Alexander Cummings first rose to prominence on the Liberian political scene when he ran for president in 2017 and placed fifth. This year, he is running on the platform of the Collaborator Political Party (CPP), a coalition between Cumming’s Alternative National Congress and the Freedom Party.

Cummings, 57, was director of Coca-Cola’s African subsidiary between 2001 and 2008 and global chief administrative officer from 2008 until his retirement in 2016.

In his role at Coca-Cola, he oversaw the creation of its Africa Foundation which contributed to the continental response to the spread of HIV/AIDS. In 2011, Johnson-Sirleaf awarded him Liberia’s highest national honor – the Humanitarian Order of African Redemption – for his humanitarian work.

Cummings focused his campaign on diversifying Liberia’s economy.
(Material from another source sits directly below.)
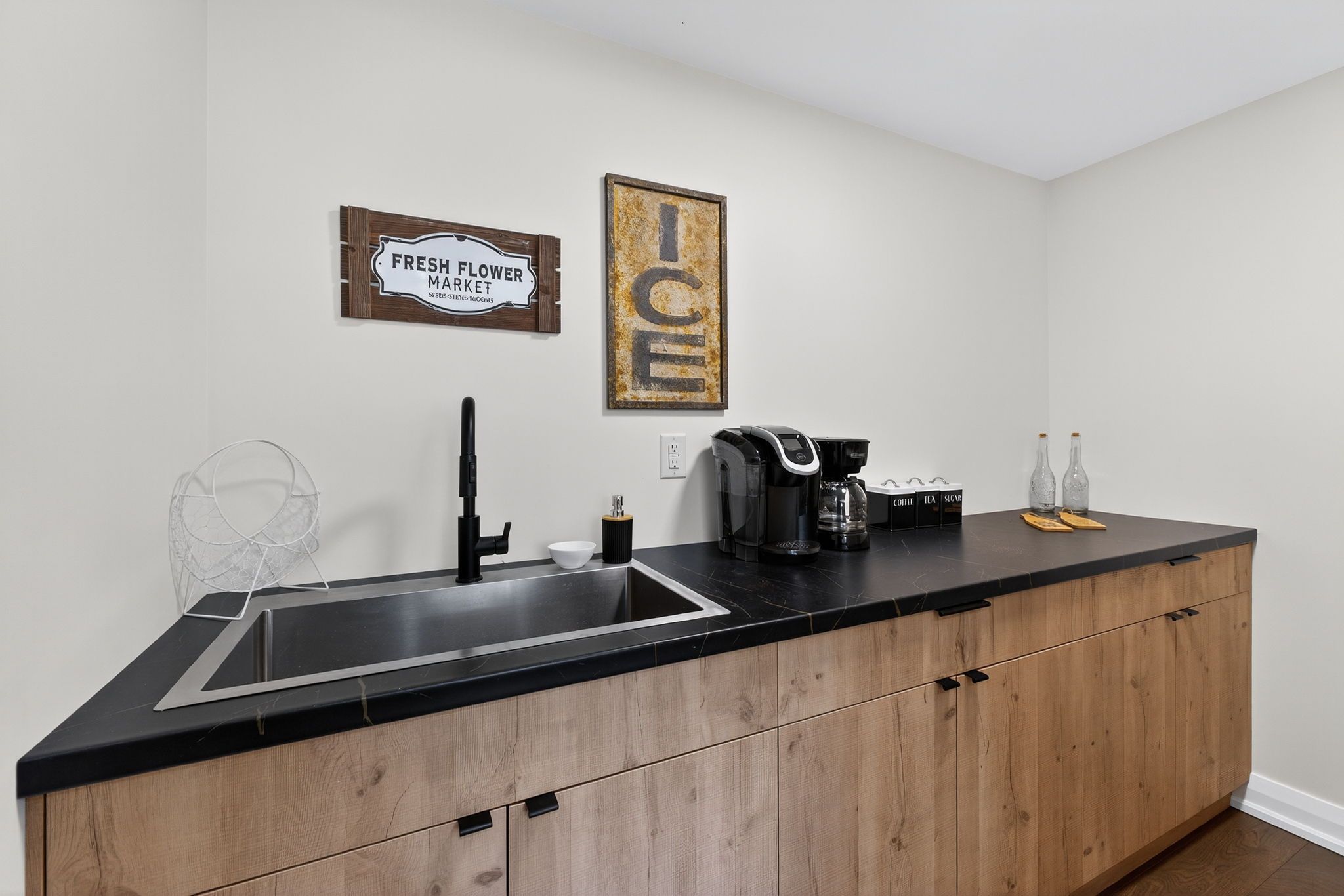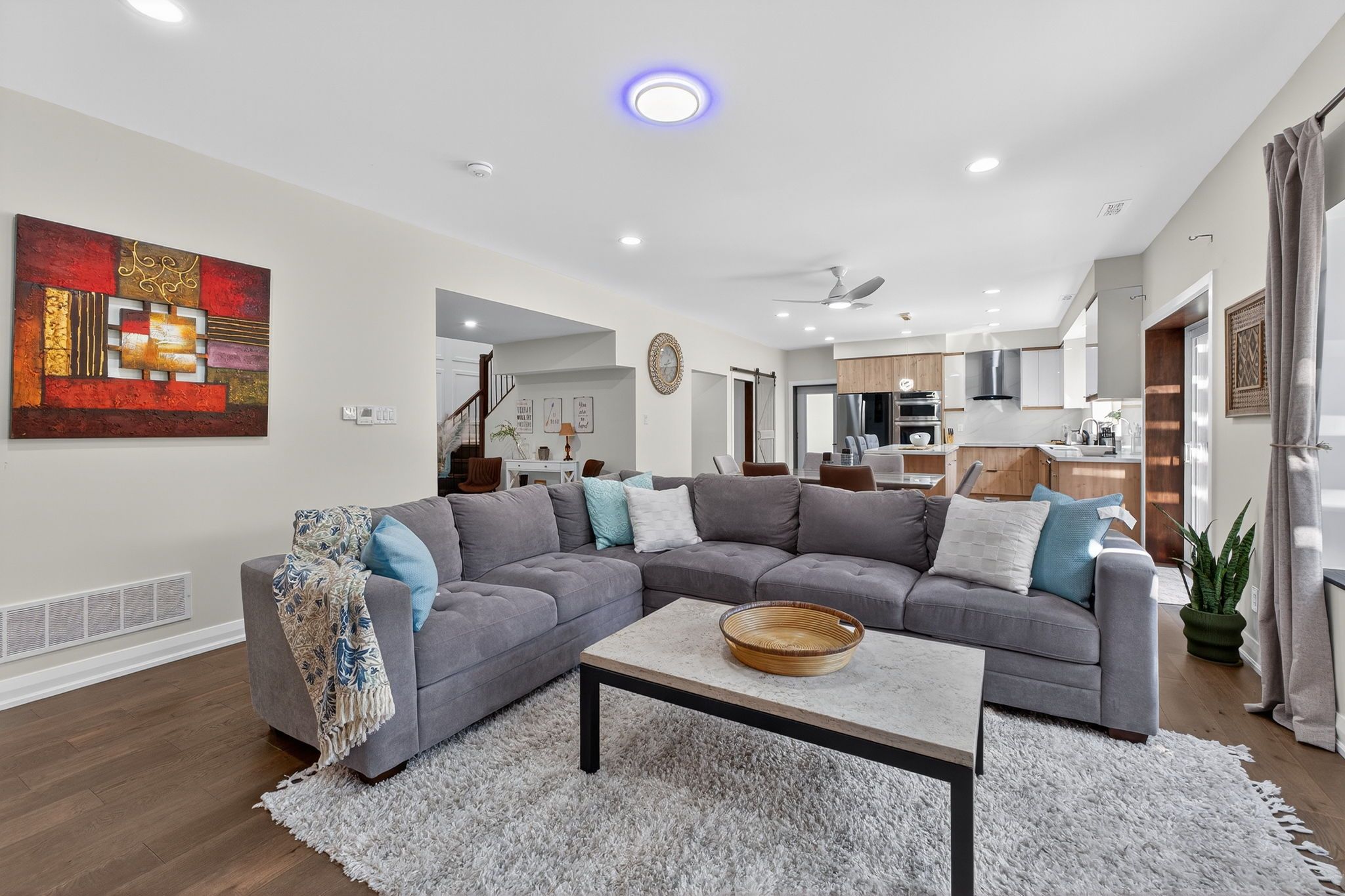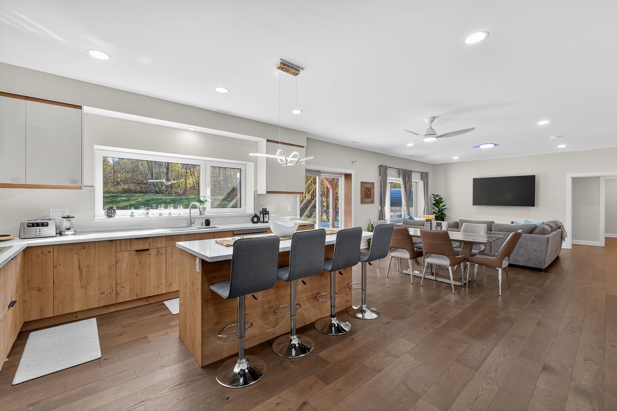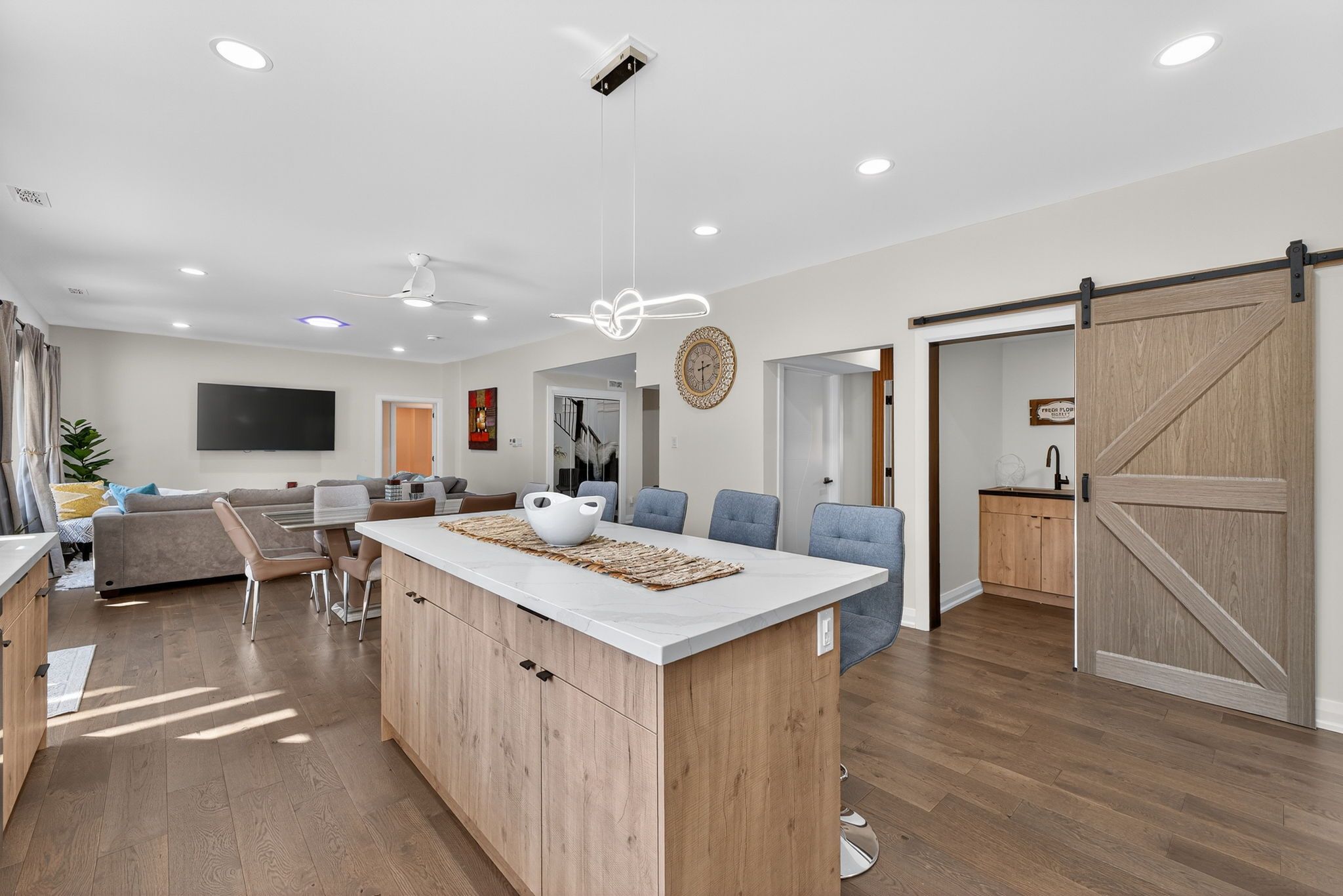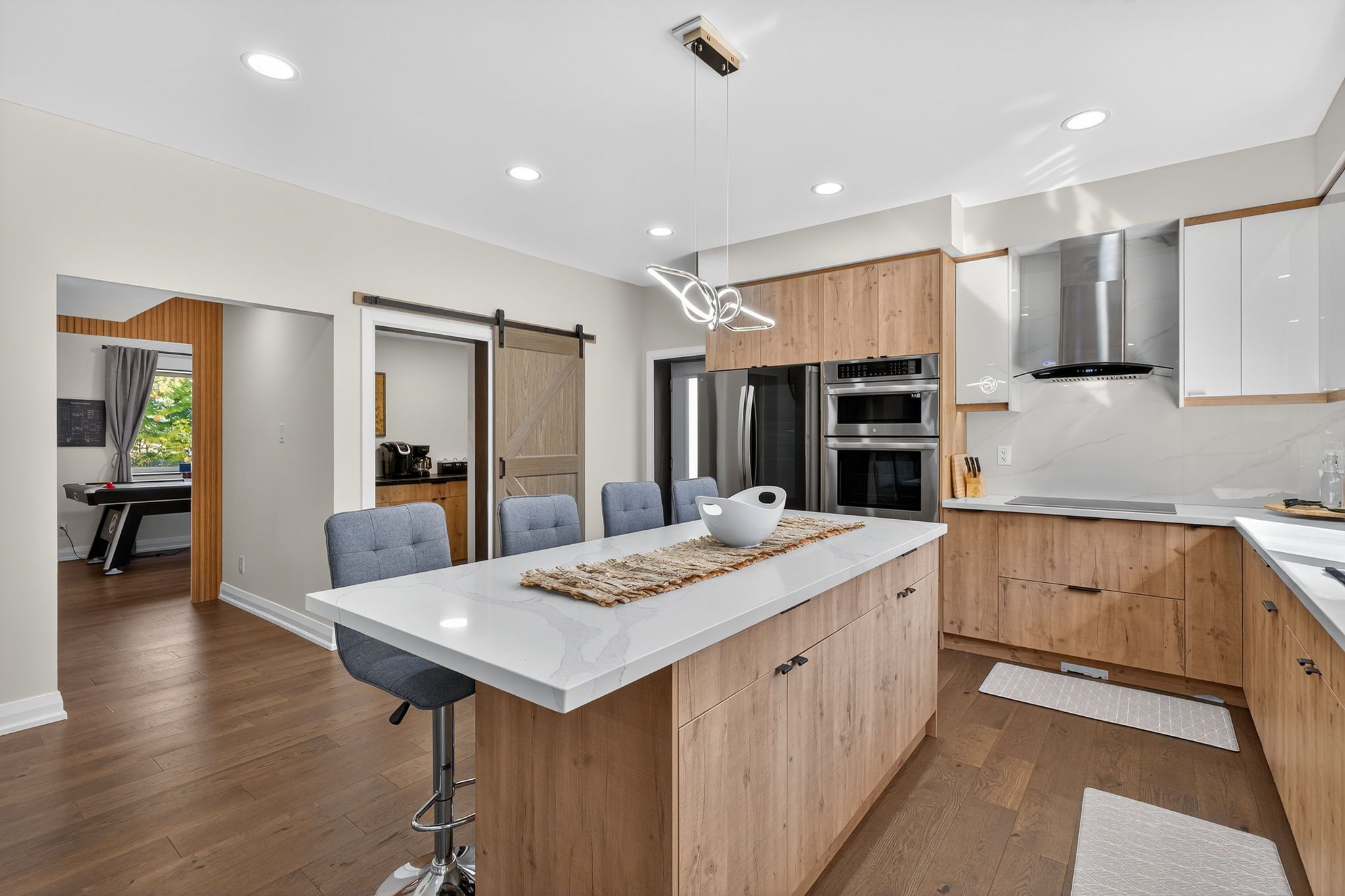 • Chef's kitchen with energy-efficient appliances and quartz countertops.

To that end, he has promised to create a $20 million empowerment fund to support women- and youth-owned businesses as well as farmers during his first 100 days in office if he wins, while freezing all current taxes and regulations to be reviewed in order to create a business-friendly environment. He also spoke of a “buy Liberian” policy that would prioritize the purchase of locally made products to boost indigenous businesses.

Finally, he expressed support for the creation of a war crimes tribunal to prosecute key figures from the 1989 to 1997 and 1999 to 2003 civil wars.